→ Exercise instructions
Using the records that follow, reproduce exactly the lines starting at the line containing "Collision protection on" and ending at the line containing "LED PROJECTOR HEADLAMPS". Include both end lines and no pictures.

→ Supplied information
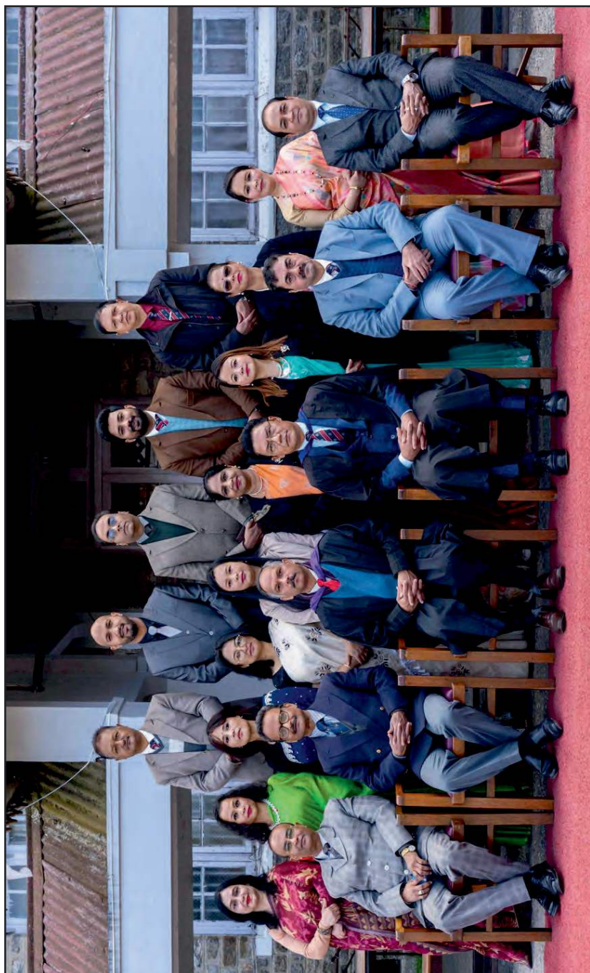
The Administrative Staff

==

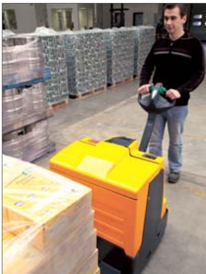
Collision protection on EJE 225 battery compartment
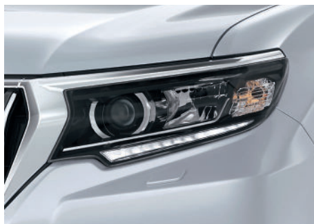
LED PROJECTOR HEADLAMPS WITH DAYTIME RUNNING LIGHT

→ Solution
Collision protection on EJE 225 battery compartment
LED PROJECTOR HEADLAMPS WITH DAYTIME RUNNING LIGHT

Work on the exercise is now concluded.